For the records below, please print exactly and only the lines from the one with "Гидравлический дырокол SYK, дырокол" down to the one with "(图)2009年别尔德耶夫向时任鞑靼斯坦总统展示刚赢得的俄超冠军奖杯", both ends included, omitting the pictures.

→ **DATA PROVIDED**

━━━

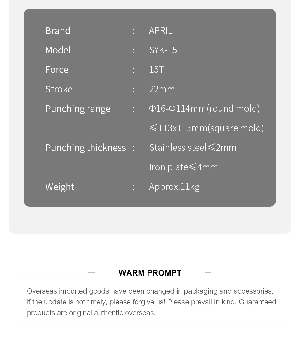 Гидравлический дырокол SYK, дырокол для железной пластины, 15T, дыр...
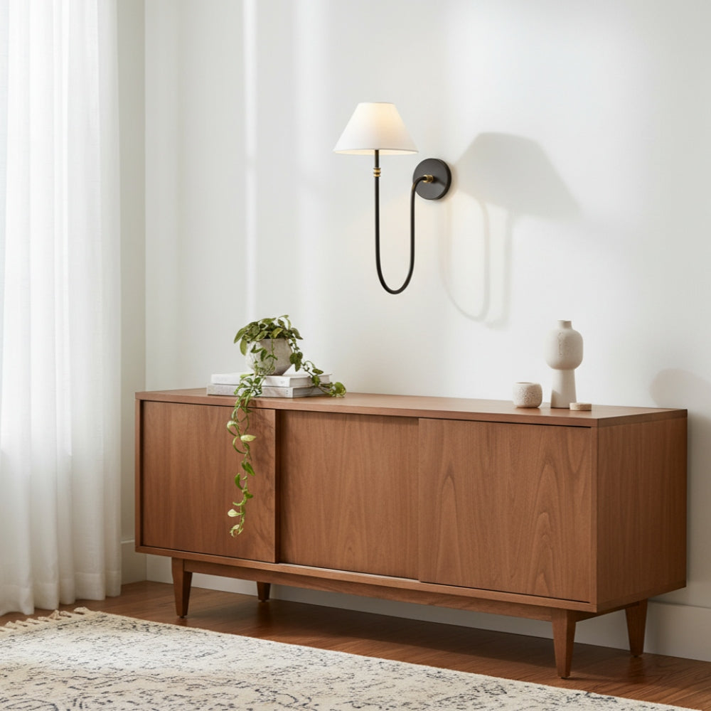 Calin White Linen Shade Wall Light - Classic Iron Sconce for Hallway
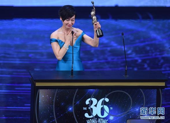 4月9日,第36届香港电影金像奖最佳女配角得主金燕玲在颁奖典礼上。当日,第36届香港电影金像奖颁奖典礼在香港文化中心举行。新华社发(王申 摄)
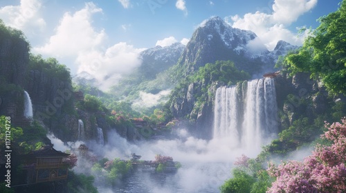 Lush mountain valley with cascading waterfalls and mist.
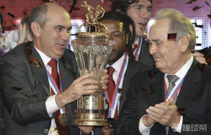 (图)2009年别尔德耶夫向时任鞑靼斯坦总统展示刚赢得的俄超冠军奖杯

━━━

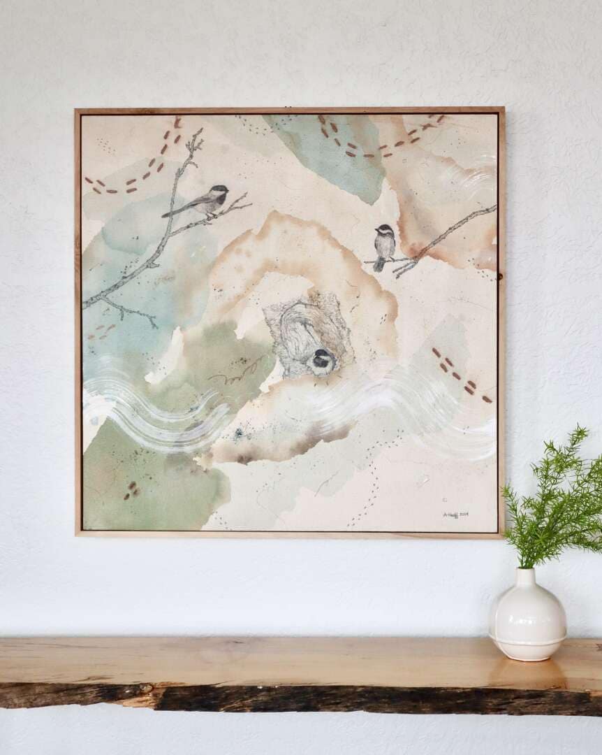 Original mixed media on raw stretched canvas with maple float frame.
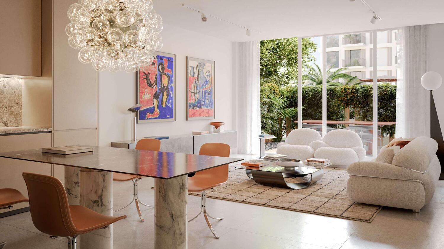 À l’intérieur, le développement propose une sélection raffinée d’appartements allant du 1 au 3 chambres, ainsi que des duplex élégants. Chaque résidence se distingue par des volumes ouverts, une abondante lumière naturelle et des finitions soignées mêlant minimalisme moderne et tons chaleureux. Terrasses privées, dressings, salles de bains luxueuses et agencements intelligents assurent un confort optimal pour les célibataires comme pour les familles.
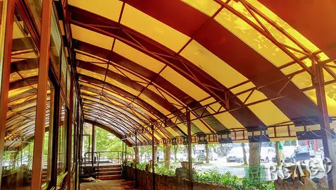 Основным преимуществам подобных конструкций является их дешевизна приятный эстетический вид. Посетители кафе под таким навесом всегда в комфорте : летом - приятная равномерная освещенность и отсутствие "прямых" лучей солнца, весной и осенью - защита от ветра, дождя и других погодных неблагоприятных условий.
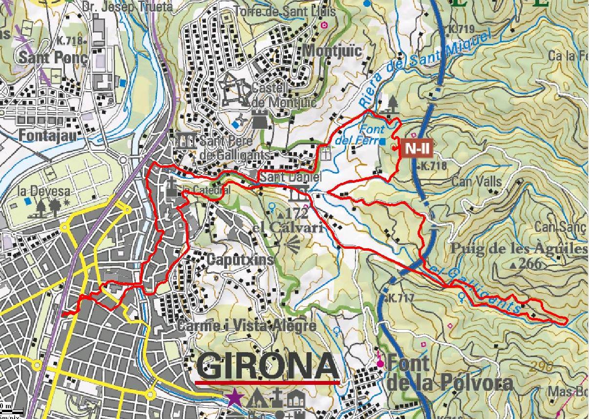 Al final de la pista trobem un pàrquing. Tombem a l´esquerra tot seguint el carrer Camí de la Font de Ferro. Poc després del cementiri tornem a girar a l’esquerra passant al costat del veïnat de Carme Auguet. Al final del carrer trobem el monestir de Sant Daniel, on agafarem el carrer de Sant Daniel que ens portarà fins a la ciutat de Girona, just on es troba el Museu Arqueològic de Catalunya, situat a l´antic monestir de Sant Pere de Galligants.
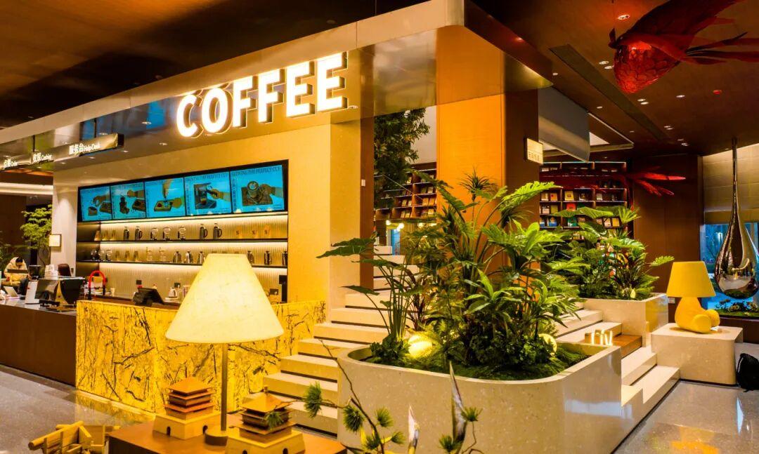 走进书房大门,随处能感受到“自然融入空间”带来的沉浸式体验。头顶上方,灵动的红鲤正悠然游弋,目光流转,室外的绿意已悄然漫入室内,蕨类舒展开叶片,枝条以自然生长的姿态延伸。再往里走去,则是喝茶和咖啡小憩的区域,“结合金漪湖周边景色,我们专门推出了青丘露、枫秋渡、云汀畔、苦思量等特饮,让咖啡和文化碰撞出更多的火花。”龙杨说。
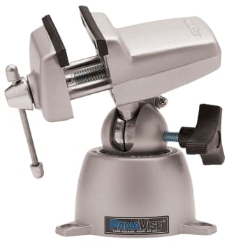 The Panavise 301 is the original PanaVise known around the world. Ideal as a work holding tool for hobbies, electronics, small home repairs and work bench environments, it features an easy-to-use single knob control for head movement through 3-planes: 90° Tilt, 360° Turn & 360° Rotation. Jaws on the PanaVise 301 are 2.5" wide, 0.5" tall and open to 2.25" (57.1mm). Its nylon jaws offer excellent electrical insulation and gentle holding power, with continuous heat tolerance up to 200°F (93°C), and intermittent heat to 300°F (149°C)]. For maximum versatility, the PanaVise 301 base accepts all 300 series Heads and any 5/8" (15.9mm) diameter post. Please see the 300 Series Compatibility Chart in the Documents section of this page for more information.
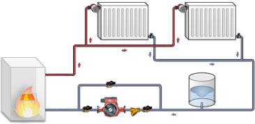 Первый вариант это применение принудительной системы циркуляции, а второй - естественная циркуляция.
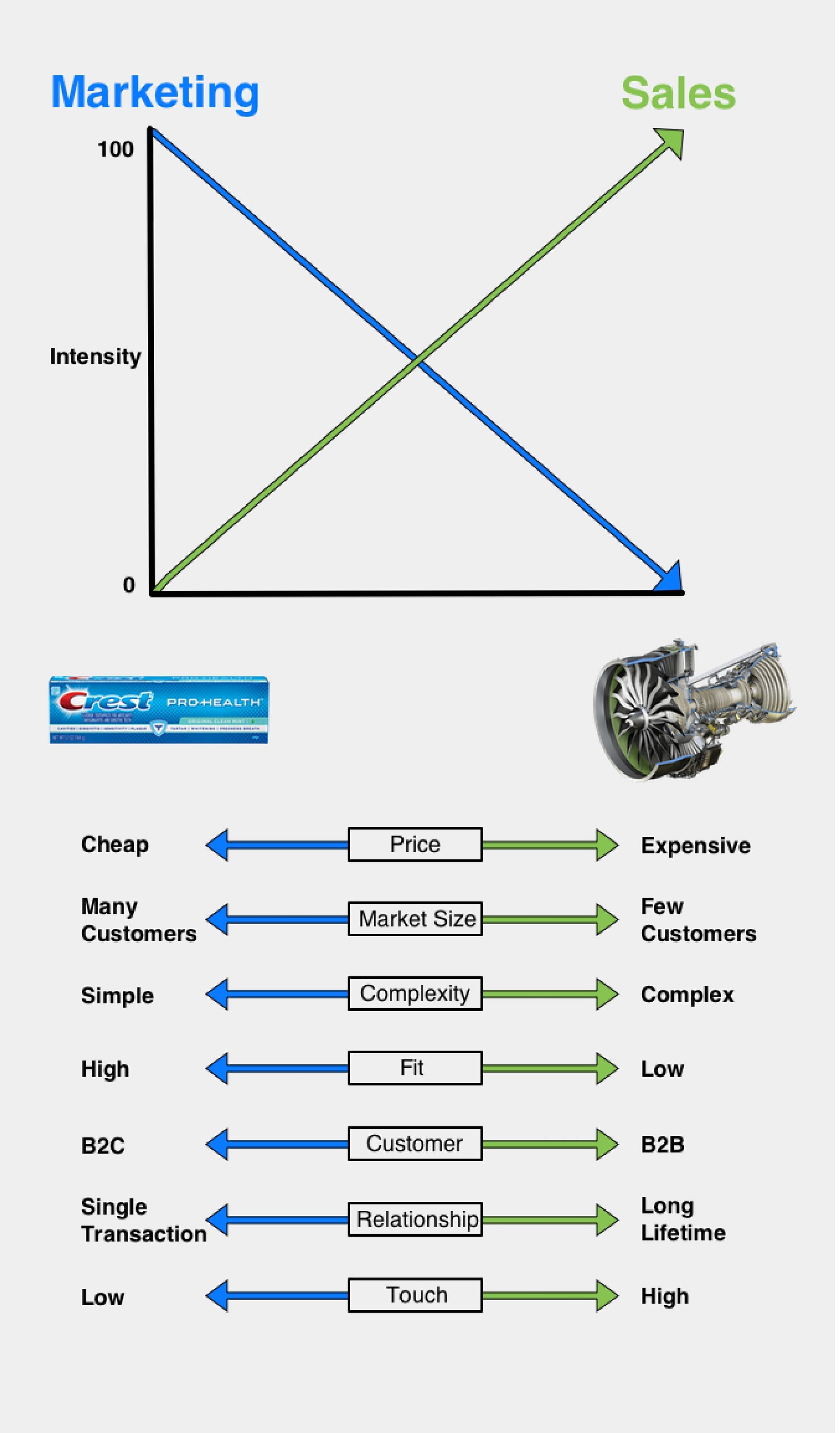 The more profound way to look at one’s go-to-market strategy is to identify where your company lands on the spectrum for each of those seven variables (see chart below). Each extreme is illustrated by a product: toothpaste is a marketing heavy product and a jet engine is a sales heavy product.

━━━

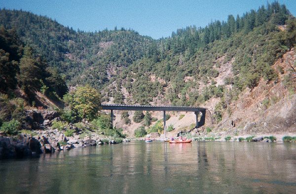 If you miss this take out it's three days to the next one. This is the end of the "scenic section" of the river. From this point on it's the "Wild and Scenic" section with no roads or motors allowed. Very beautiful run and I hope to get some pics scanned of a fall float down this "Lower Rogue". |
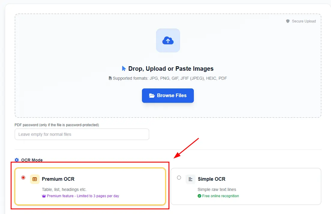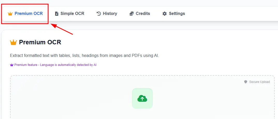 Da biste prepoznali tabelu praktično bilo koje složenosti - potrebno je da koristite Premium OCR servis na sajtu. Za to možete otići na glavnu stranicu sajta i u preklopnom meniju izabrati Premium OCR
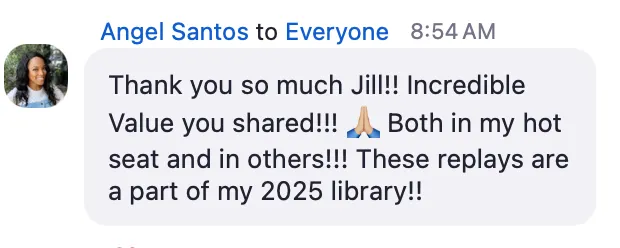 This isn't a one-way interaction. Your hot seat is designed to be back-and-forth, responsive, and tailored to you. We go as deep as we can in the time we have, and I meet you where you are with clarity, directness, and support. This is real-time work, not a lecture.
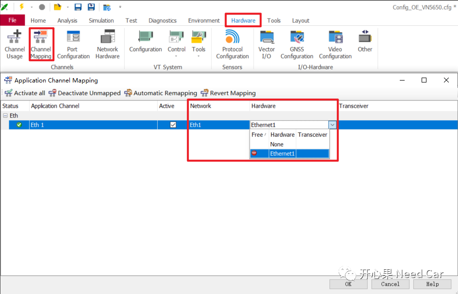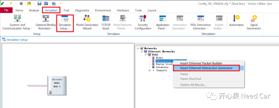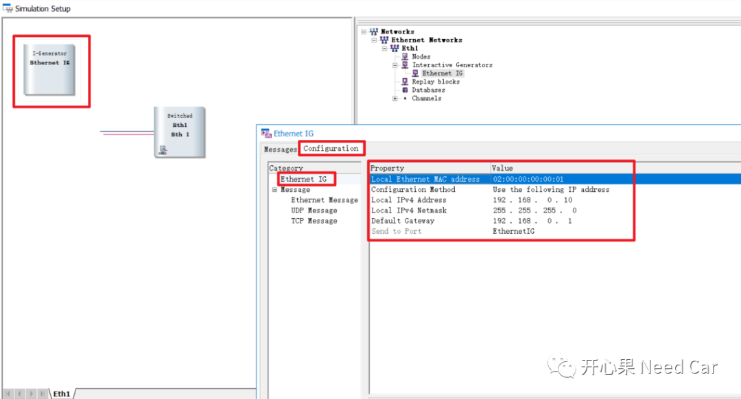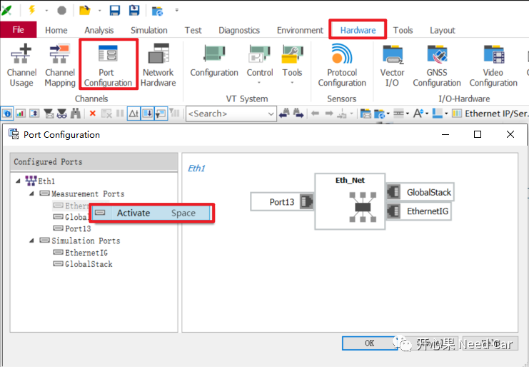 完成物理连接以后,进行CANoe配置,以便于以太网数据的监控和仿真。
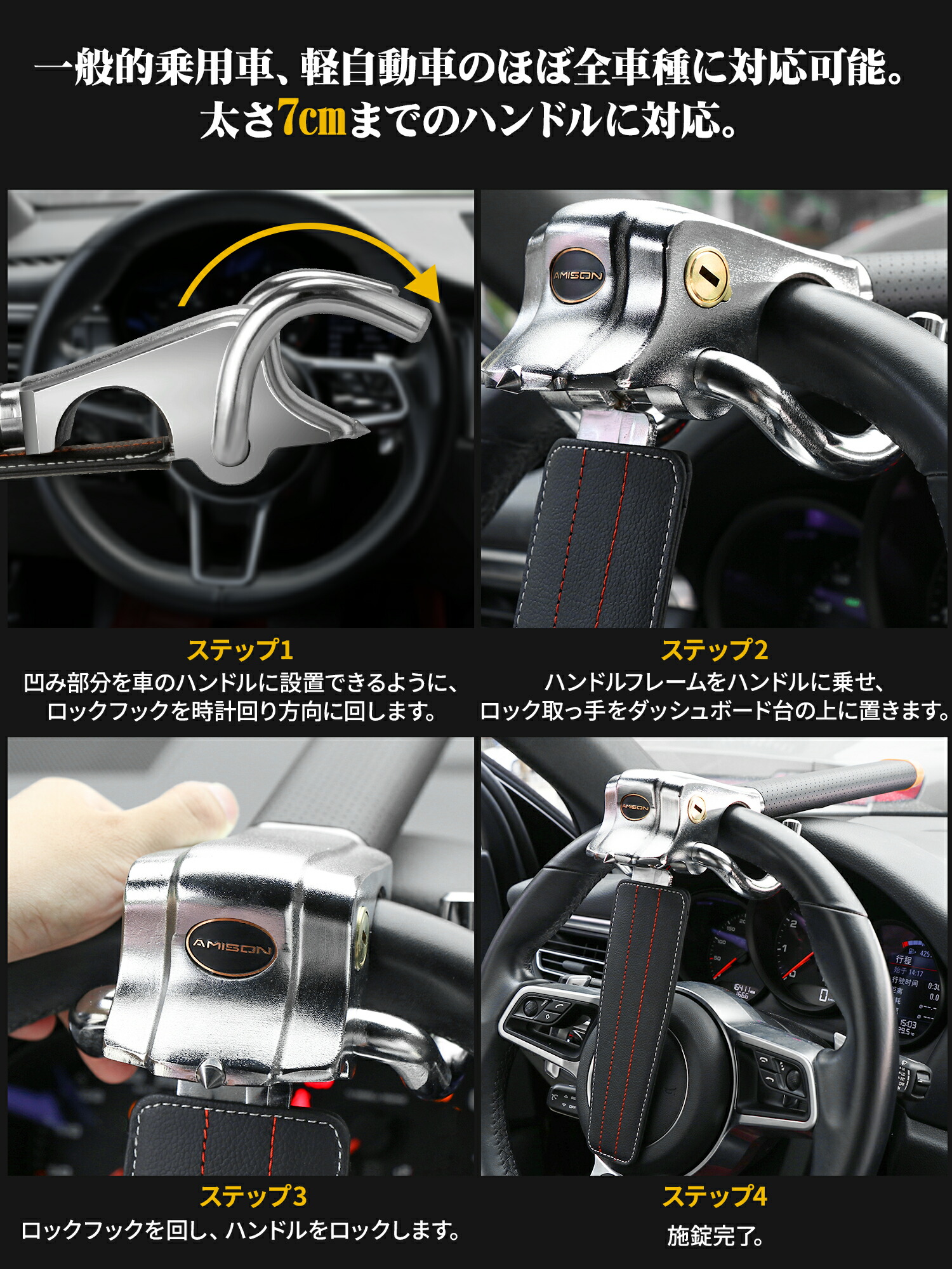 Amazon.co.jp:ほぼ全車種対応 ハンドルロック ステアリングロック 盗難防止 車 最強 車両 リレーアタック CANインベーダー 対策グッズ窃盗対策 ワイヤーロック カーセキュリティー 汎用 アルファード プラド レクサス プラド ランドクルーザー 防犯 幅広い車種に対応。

━━━

→ **RESPONSE BOX**
 Гидравлический дырокол SYK, дырокол для железной пластины, 15T, дыр...
 Calin White Linen Shade Wall Light - Classic Iron Sconce for Hallway
 4月9日,第36届香港电影金像奖最佳女配角得主金燕玲在颁奖典礼上。当日,第36届香港电影金像奖颁奖典礼在香港文化中心举行。新华社发(王申 摄)
 Lush mountain valley with cascading waterfalls and mist.
 (图)2009年别尔德耶夫向时任鞑靼斯坦总统展示刚赢得的俄超冠军奖杯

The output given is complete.